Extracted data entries
###

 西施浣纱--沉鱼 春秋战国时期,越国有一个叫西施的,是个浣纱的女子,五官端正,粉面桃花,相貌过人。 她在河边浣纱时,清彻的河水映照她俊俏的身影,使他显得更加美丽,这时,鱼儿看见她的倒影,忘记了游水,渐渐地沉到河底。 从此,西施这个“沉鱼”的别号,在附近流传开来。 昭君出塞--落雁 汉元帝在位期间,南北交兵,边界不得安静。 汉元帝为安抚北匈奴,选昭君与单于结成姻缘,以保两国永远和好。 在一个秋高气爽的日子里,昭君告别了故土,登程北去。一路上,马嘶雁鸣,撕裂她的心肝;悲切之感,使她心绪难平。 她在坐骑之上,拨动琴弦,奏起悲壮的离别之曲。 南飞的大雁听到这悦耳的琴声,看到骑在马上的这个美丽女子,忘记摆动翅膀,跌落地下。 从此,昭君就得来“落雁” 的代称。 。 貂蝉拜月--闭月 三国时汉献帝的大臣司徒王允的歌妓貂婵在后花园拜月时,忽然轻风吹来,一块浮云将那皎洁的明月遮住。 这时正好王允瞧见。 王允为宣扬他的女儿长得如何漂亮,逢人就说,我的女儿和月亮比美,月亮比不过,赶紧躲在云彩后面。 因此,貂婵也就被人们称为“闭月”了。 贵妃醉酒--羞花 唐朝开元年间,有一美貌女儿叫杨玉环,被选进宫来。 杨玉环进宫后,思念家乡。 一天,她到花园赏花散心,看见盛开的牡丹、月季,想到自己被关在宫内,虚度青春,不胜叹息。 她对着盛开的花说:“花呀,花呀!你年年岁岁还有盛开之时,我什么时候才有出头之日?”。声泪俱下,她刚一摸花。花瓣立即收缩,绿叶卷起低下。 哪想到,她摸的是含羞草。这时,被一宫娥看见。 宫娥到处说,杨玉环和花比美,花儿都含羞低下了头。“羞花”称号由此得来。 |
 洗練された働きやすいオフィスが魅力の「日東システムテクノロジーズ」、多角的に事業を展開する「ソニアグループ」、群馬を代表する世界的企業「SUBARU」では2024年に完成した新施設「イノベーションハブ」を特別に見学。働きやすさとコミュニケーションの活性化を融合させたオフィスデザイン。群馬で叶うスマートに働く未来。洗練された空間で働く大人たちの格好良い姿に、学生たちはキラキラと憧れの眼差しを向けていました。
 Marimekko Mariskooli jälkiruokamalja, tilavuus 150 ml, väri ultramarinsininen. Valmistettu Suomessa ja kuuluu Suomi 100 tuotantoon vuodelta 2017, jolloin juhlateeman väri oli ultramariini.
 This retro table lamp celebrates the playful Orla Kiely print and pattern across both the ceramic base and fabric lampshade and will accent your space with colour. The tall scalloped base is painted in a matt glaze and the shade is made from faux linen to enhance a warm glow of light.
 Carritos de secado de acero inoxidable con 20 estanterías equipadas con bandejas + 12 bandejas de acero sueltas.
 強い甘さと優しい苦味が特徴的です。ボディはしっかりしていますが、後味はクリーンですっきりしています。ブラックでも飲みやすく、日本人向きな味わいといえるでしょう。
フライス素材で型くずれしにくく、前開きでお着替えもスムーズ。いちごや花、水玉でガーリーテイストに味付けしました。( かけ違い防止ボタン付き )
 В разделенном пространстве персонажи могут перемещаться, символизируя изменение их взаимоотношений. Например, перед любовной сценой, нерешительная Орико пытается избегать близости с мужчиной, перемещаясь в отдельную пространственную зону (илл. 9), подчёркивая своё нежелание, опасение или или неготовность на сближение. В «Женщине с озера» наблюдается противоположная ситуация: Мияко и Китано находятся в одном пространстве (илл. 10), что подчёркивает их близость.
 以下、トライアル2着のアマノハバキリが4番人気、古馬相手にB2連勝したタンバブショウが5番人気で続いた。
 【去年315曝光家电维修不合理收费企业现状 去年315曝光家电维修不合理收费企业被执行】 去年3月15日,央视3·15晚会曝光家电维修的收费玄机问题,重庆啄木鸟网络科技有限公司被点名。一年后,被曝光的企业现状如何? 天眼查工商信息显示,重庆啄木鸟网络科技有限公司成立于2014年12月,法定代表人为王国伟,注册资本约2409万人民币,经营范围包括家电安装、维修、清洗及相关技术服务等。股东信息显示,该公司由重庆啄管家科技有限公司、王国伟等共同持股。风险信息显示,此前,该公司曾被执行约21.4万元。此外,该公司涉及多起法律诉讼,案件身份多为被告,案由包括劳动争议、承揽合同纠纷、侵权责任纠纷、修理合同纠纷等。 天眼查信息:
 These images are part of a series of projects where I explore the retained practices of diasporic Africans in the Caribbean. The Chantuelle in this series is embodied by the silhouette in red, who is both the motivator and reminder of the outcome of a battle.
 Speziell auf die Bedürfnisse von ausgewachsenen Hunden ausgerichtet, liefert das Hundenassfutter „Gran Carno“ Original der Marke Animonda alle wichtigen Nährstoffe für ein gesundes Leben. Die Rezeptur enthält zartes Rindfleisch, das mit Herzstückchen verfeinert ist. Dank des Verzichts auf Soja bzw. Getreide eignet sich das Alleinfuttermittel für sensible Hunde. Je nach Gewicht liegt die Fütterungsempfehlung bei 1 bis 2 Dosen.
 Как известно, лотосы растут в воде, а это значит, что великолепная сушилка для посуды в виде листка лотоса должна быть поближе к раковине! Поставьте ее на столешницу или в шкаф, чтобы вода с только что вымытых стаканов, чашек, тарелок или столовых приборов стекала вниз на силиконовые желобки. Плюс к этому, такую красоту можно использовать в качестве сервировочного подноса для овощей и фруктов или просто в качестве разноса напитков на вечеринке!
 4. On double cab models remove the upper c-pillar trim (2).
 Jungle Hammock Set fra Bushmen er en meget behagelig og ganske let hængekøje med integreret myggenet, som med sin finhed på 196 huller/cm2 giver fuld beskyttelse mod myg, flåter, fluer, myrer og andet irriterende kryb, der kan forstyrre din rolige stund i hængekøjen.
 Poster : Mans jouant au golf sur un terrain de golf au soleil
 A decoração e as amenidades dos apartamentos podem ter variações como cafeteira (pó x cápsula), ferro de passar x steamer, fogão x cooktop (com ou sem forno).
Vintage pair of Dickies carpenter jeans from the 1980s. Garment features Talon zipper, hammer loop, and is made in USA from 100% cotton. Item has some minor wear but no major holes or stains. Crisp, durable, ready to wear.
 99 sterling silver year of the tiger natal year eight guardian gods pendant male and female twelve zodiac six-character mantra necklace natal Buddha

###

**Task statement:**
Without omission, return all of the records exactly as given.

**Exercise output:**
 西施浣纱--沉鱼 春秋战国时期,越国有一个叫西施的,是个浣纱的女子,五官端正,粉面桃花,相貌过人。 她在河边浣纱时,清彻的河水映照她俊俏的身影,使他显得更加美丽,这时,鱼儿看见她的倒影,忘记了游水,渐渐地沉到河底。 从此,西施这个“沉鱼”的别号,在附近流传开来。 昭君出塞--落雁 汉元帝在位期间,南北交兵,边界不得安静。 汉元帝为安抚北匈奴,选昭君与单于结成姻缘,以保两国永远和好。 在一个秋高气爽的日子里,昭君告别了故土,登程北去。一路上,马嘶雁鸣,撕裂她的心肝;悲切之感,使她心绪难平。 她在坐骑之上,拨动琴弦,奏起悲壮的离别之曲。 南飞的大雁听到这悦耳的琴声,看到骑在马上的这个美丽女子,忘记摆动翅膀,跌落地下。 从此,昭君就得来“落雁” 的代称。 。 貂蝉拜月--闭月 三国时汉献帝的大臣司徒王允的歌妓貂婵在后花园拜月时,忽然轻风吹来,一块浮云将那皎洁的明月遮住。 这时正好王允瞧见。 王允为宣扬他的女儿长得如何漂亮,逢人就说,我的女儿和月亮比美,月亮比不过,赶紧躲在云彩后面。 因此,貂婵也就被人们称为“闭月”了。 贵妃醉酒--羞花 唐朝开元年间,有一美貌女儿叫杨玉环,被选进宫来。 杨玉环进宫后,思念家乡。 一天,她到花园赏花散心,看见盛开的牡丹、月季,想到自己被关在宫内,虚度青春,不胜叹息。 她对着盛开的花说:“花呀,花呀!你年年岁岁还有盛开之时,我什么时候才有出头之日?”。声泪俱下,她刚一摸花。花瓣立即收缩,绿叶卷起低下。 哪想到,她摸的是含羞草。这时,被一宫娥看见。 宫娥到处说,杨玉环和花比美,花儿都含羞低下了头。“羞花”称号由此得来。 |
 洗練された働きやすいオフィスが魅力の「日東システムテクノロジーズ」、多角的に事業を展開する「ソニアグループ」、群馬を代表する世界的企業「SUBARU」では2024年に完成した新施設「イノベーションハブ」を特別に見学。働きやすさとコミュニケーションの活性化を融合させたオフィスデザイン。群馬で叶うスマートに働く未来。洗練された空間で働く大人たちの格好良い姿に、学生たちはキラキラと憧れの眼差しを向けていました。
 Marimekko Mariskooli jälkiruokamalja, tilavuus 150 ml, väri ultramarinsininen. Valmistettu Suomessa ja kuuluu Suomi 100 tuotantoon vuodelta 2017, jolloin juhlateeman väri oli ultramariini.
 This retro table lamp celebrates the playful Orla Kiely print and pattern across both the ceramic base and fabric lampshade and will accent your space with colour. The tall scalloped base is painted in a matt glaze and the shade is made from faux linen to enhance a warm glow of light.
 Carritos de secado de acero inoxidable con 20 estanterías equipadas con bandejas + 12 bandejas de acero sueltas.
 強い甘さと優しい苦味が特徴的です。ボディはしっかりしていますが、後味はクリーンですっきりしています。ブラックでも飲みやすく、日本人向きな味わいといえるでしょう。
フライス素材で型くずれしにくく、前開きでお着替えもスムーズ。いちごや花、水玉でガーリーテイストに味付けしました。( かけ違い防止ボタン付き )
 В разделенном пространстве персонажи могут перемещаться, символизируя изменение их взаимоотношений. Например, перед любовной сценой, нерешительная Орико пытается избегать близости с мужчиной, перемещаясь в отдельную пространственную зону (илл. 9), подчёркивая своё нежелание, опасение или или неготовность на сближение. В «Женщине с озера» наблюдается противоположная ситуация: Мияко и Китано находятся в одном пространстве (илл. 10), что подчёркивает их близость.
 以下、トライアル2着のアマノハバキリが4番人気、古馬相手にB2連勝したタンバブショウが5番人気で続いた。
 【去年315曝光家电维修不合理收费企业现状 去年315曝光家电维修不合理收费企业被执行】 去年3月15日,央视3·15晚会曝光家电维修的收费玄机问题,重庆啄木鸟网络科技有限公司被点名。一年后,被曝光的企业现状如何? 天眼查工商信息显示,重庆啄木鸟网络科技有限公司成立于2014年12月,法定代表人为王国伟,注册资本约2409万人民币,经营范围包括家电安装、维修、清洗及相关技术服务等。股东信息显示,该公司由重庆啄管家科技有限公司、王国伟等共同持股。风险信息显示,此前,该公司曾被执行约21.4万元。此外,该公司涉及多起法律诉讼,案件身份多为被告,案由包括劳动争议、承揽合同纠纷、侵权责任纠纷、修理合同纠纷等。 天眼查信息:
 These images are part of a series of projects where I explore the retained practices of diasporic Africans in the Caribbean. The Chantuelle in this series is embodied by the silhouette in red, who is both the motivator and reminder of the outcome of a battle.
 Speziell auf die Bedürfnisse von ausgewachsenen Hunden ausgerichtet, liefert das Hundenassfutter „Gran Carno“ Original der Marke Animonda alle wichtigen Nährstoffe für ein gesundes Leben. Die Rezeptur enthält zartes Rindfleisch, das mit Herzstückchen verfeinert ist. Dank des Verzichts auf Soja bzw. Getreide eignet sich das Alleinfuttermittel für sensible Hunde. Je nach Gewicht liegt die Fütterungsempfehlung bei 1 bis 2 Dosen.
 Как известно, лотосы растут в воде, а это значит, что великолепная сушилка для посуды в виде листка лотоса должна быть поближе к раковине! Поставьте ее на столешницу или в шкаф, чтобы вода с только что вымытых стаканов, чашек, тарелок или столовых приборов стекала вниз на силиконовые желобки. Плюс к этому, такую красоту можно использовать в качестве сервировочного подноса для овощей и фруктов или просто в качестве разноса напитков на вечеринке!
 4. On double cab models remove the upper c-pillar trim (2).
 Jungle Hammock Set fra Bushmen er en meget behagelig og ganske let hængekøje med integreret myggenet, som med sin finhed på 196 huller/cm2 giver fuld beskyttelse mod myg, flåter, fluer, myrer og andet irriterende kryb, der kan forstyrre din rolige stund i hængekøjen.
 Poster : Mans jouant au golf sur un terrain de golf au soleil
 A decoração e as amenidades dos apartamentos podem ter variações como cafeteira (pó x cápsula), ferro de passar x steamer, fogão x cooktop (com ou sem forno).
Vintage pair of Dickies carpenter jeans from the 1980s. Garment features Talon zipper, hammer loop, and is made in USA from 100% cotton. Item has some minor wear but no major holes or stains. Crisp, durable, ready to wear.
 99 sterling silver year of the tiger natal year eight guardian gods pendant male and female twelve zodiac six-character mantra necklace natal Buddha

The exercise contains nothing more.